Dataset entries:
------------
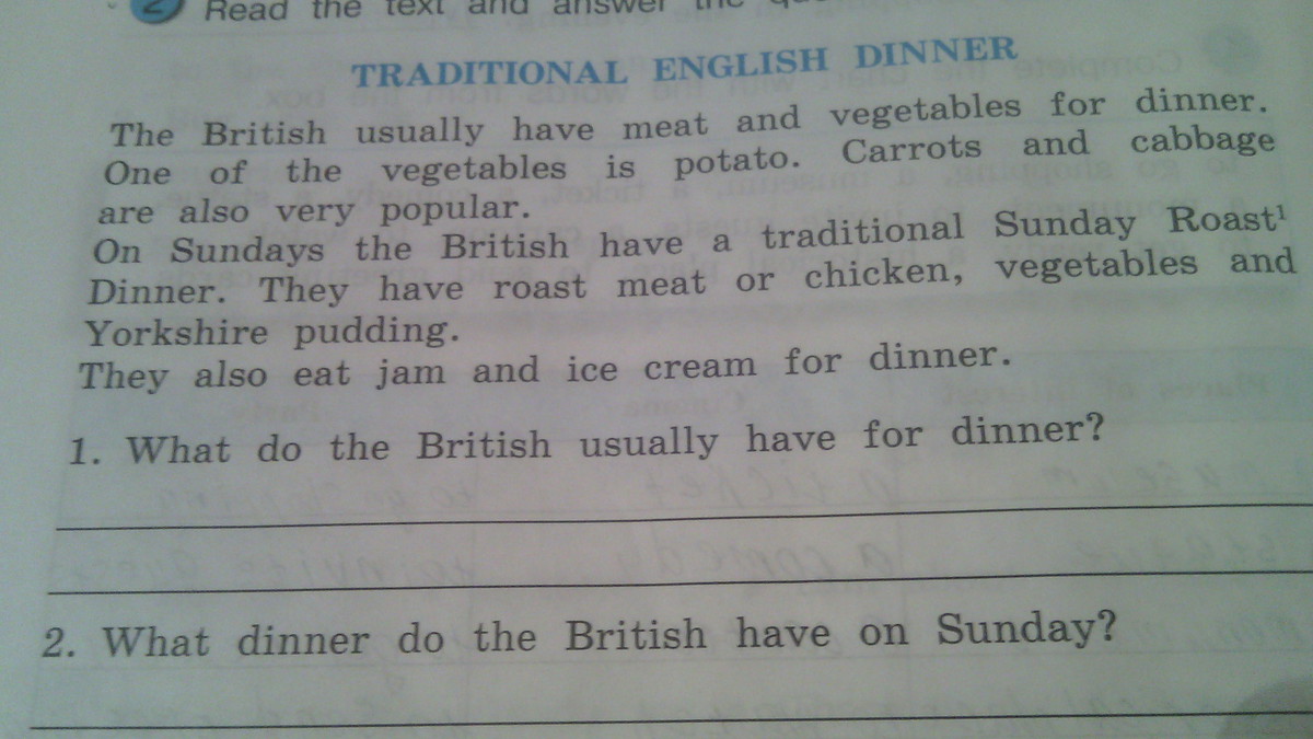 2 On Sundays the British have a traditional Sunday Roast Dinne.
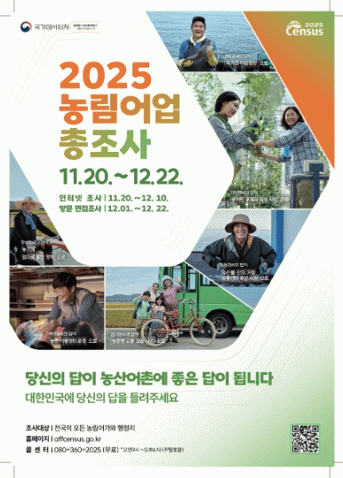 [NWS¹æ¼Û=Çѽ¸ñ ±âÀÚ]³²¾çÁֽô 11¿ù 20ÀϺÎÅÍ 12¿ù 22ÀϱîÁö ³ó¸²¾î°¡ 15,364°¡±¸¿Í ÇàÁ¤¸® 395°³ Àü Áö¿ªÀ» ´ë»óÀ¸·Î ¡®2025 ³ó¸²¾î¾÷ÃÑÁ¶»ç¡¯¸¦ ½Ç½ÃÇÑ´Ù°í ¹àÇû´Ù. ³ó¸²¾î¾÷ÃÑÁ¶»ç´Â 5³â ÁÖ±â·Î ½ÃÇàµÇ´Â ±¹°¡µ¥ÀÌÅÍó ÁÖ°ü Åë°èÁ¶¡¦
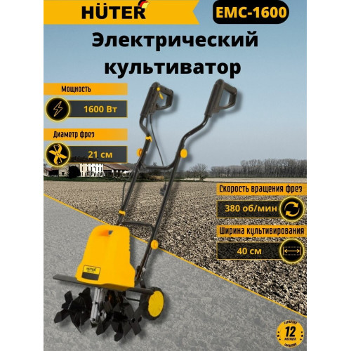 Культиватор электрический HUTER EMC-1600 используется для обработки почвы методом культивации, то есть её рыхления без переворота почвы, выравнивания. С таким агрегатом можно получить хорошие результаты на дачных участках, ограниченных территориях, междурядьях, на клумбах и возле деревьев. Культиватор укомплектован электрическим синхронным щеточным двигателем и работает от обычной сети 220 В. Культиватор электрический HUTER EMC-1600 стал более мощным и поменялся внешний вид.
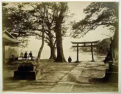 Ueno himself taught many important nineteenth-century photographers, including Uchida Kuichi (1844–1875), Tomishige Rihei,[h] [7] Kameya Tokujirō,[i] [7] (1837–1922), Nakajima Shinzō, Nagai Nagayoshi, Noguchi Jōichi, Nakajima Seimin, Tanaka, Morita Raizō, Kikizu Maturoku, and Ueno Yoshima. Ueno maintained a close relationship with Uchida, and following the latter's trip to Nagasaki in 1872 while photographing for the Emperor Meiji their albums include several identical images that they presumably exchanged.[8] Eventually, Ueno opened branches of his photographic studio in Vladivostok in 1890 and in Shanghai and Hong Kong in 1891.
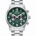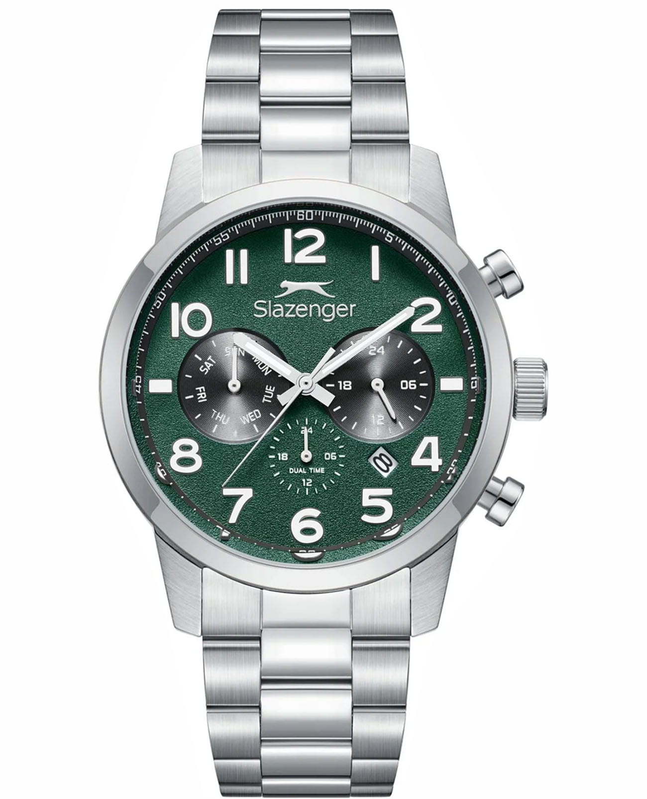 Мужские кварцевые часы Slazenger — это выразительный и функциональный аксессуар. Корпус диаметром 42 мм и толщиной 12 мм выполнен из нержавеющей стали 316L. Циферблат зелёного цвета оформлен индексами и стрелками. Окошко даты расположено на отметке в 6 часов. Указатель дня недели и 24-часовой формат времени вынесены на отдельные субциферблаты. Циферблат защищён минеральным стекломМинеральное стеклоМинеральное стекло представляет собой искусственно выращенный минерал кварца. Такое стекло отличается особой устойчивостью к повреждениям и царапинам. Уступает по некоторым качествам сапфировому стеклу.. Механизм — кварцевый калибр JP25. Часы оснащены функцией второго часового пояса (GMT)Второй часовой поясФункция, позволяющая отображать время двух часовых поясов одновременно.. Стрелки и метки с люминесцентным покрытиемЛюминесцентное покрытиеПозволяет считывать показания времени в темноте. Производители наносят на стрелки, часовые индексы, безель или поверхность циферблата светонакопительный состав, дающий холодное свечение., обеспечивающим хорошую читаемость в темноте. Часы оснащены стальным браслетом с раскладной застёжкойРаскладная застёжкаТакой тип застёжки используется только на браслетах из металла. Она никогда не раскрывается полностью, происходит разделение на 2 и более частей. Раскладывающая застёжка снизит вероятность потери часов к минимуму.. Водонепроницаемость 100 м позволяет использовать часы для плавания и повседневного ношения. Гарантия — 12 месяцев. Идеальный выбор для тех, кто ценит стиль, функциональность и качество.
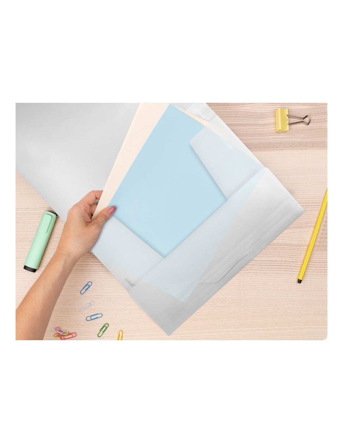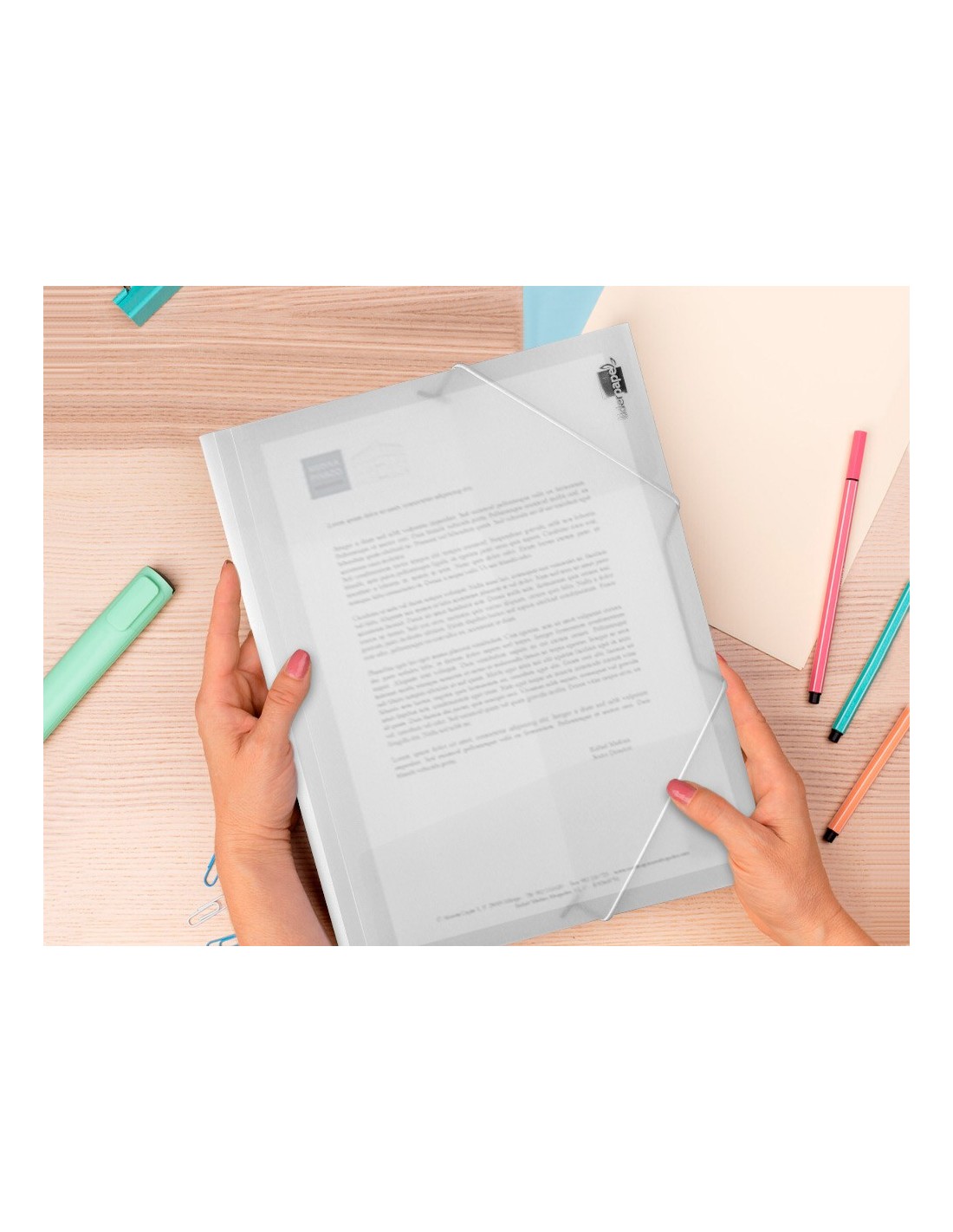 Fabricada en polipropileno. Cierre por gomas. Lomos flexibles. Capacidad 100 hojas. 400 micras. Formato DIN A4.
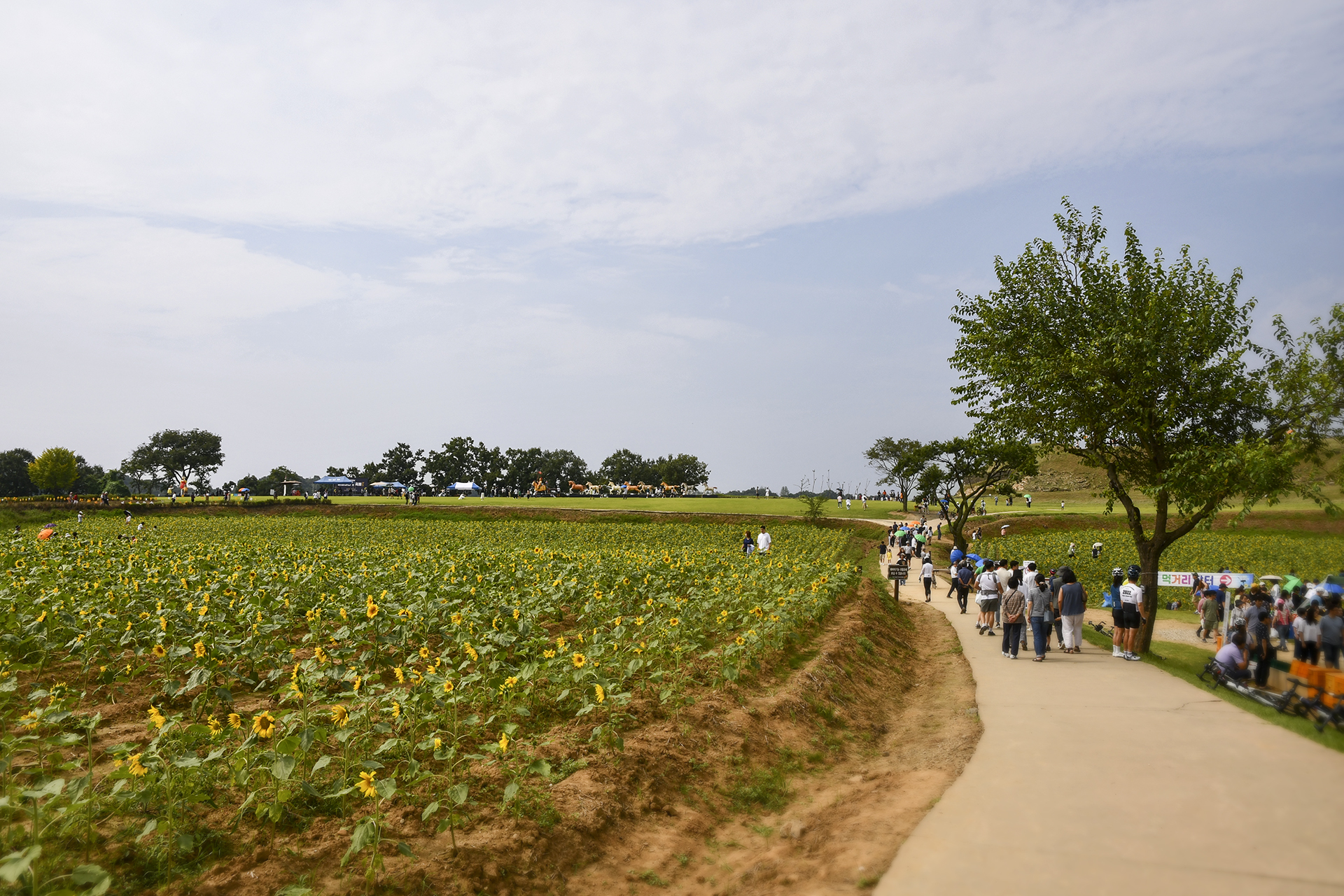 주 진입로로 들어서면 양쪽으로 해바라기가 활짝 피었고, 우측에는 행사천막이 설치되어 먹거리장터가 열리는 중이다.
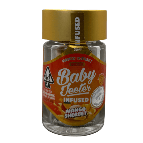 Los Baby Jeeter Mango Sherbet infusionados son una edición especial con flor premium, extracto de diamantes y kief. Esta potente mezcla índica ofrece una experiencia profunda, ideal para momentos de descanso, alivio corporal o meditación. Aunque el producto mantiene su integridad, su fecha de caducidad a inicios de 2025, por lo cual se encuentra con descuento especial. Se recomienda precaución en su consumo y conservar en lugar fresco y seco. No apto para pacientes principiantes
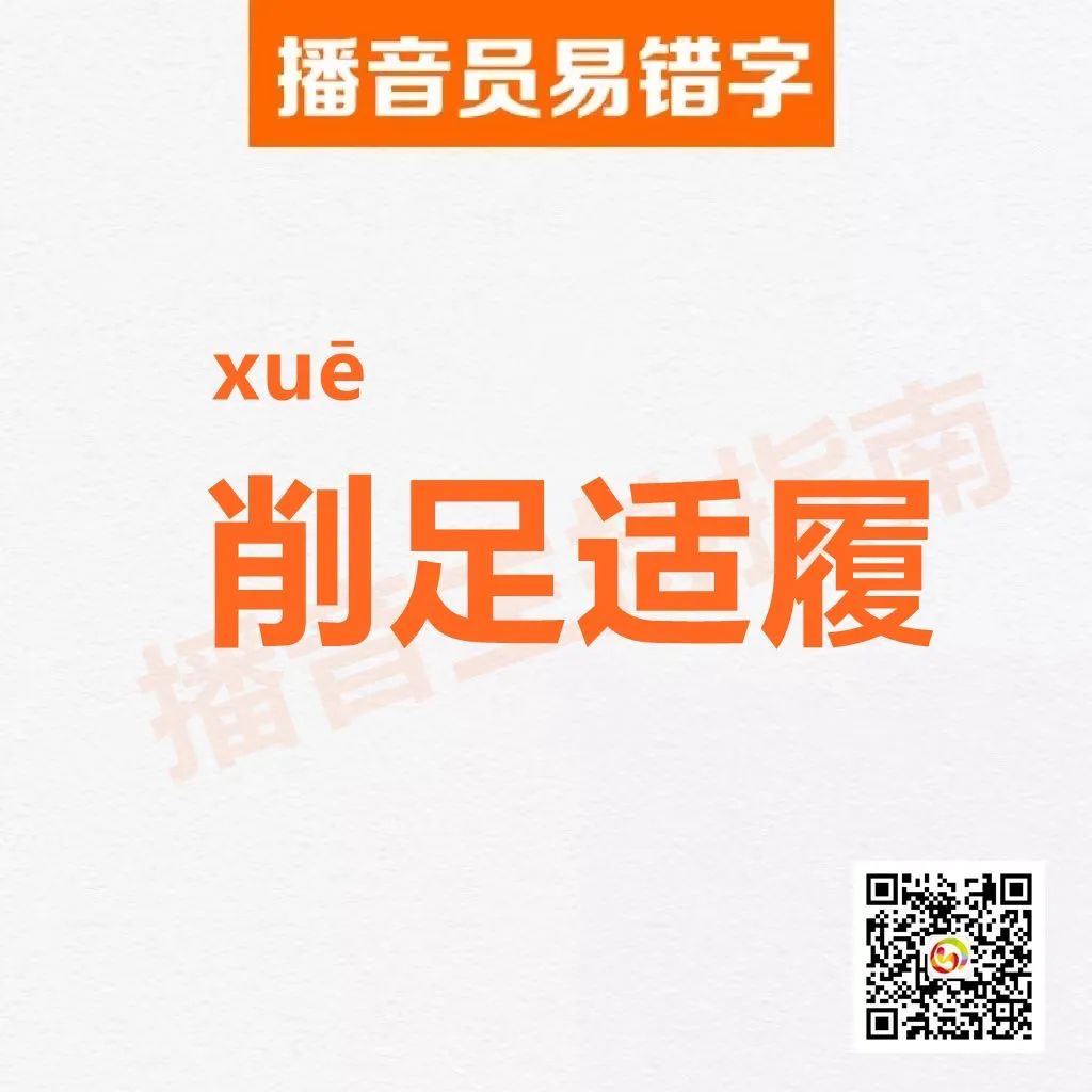 释义:削:用刀切。适:适应,符合。履:鞋子。指鞋小脚大,把脚削去一块去适应鞋子的大小。比喻不合理地迁就现有条件,或不顾具体条件地生搬硬套。也作“削趾适履”。
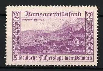 Reklamemarke Ramsau, Ramsauerhilfsfond, Landschaft mit Kirche und Dachstein
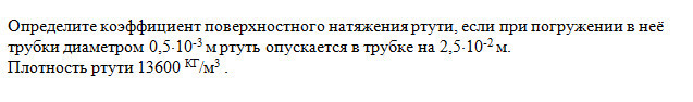 d=0,5*10^-3 м, h=2,5*10^-2 м, ρ=13600 кг/м³.
------------
— WHAT THE TASK REQUIRES —
Every line from the one holding "주 진입로로 들어서면" through the last line of the entries above, and nothing else, is to be restated word for word. Pictures stay out.

— RESULT OF THIS EXERCISE —
 주 진입로로 들어서면 양쪽으로 해바라기가 활짝 피었고, 우측에는 행사천막이 설치되어 먹거리장터가 열리는 중이다.
 Los Baby Jeeter Mango Sherbet infusionados son una edición especial con flor premium, extracto de diamantes y kief. Esta potente mezcla índica ofrece una experiencia profunda, ideal para momentos de descanso, alivio corporal o meditación. Aunque el producto mantiene su integridad, su fecha de caducidad a inicios de 2025, por lo cual se encuentra con descuento especial. Se recomienda precaución en su consumo y conservar en lugar fresco y seco. No apto para pacientes principiantes
 释义:削:用刀切。适:适应,符合。履:鞋子。指鞋小脚大,把脚削去一块去适应鞋子的大小。比喻不合理地迁就现有条件,或不顾具体条件地生搬硬套。也作“削趾适履”。
 Reklamemarke Ramsau, Ramsauerhilfsfond, Landschaft mit Kirche und Dachstein
 d=0,5*10^-3 м, h=2,5*10^-2 м, ρ=13600 кг/м³.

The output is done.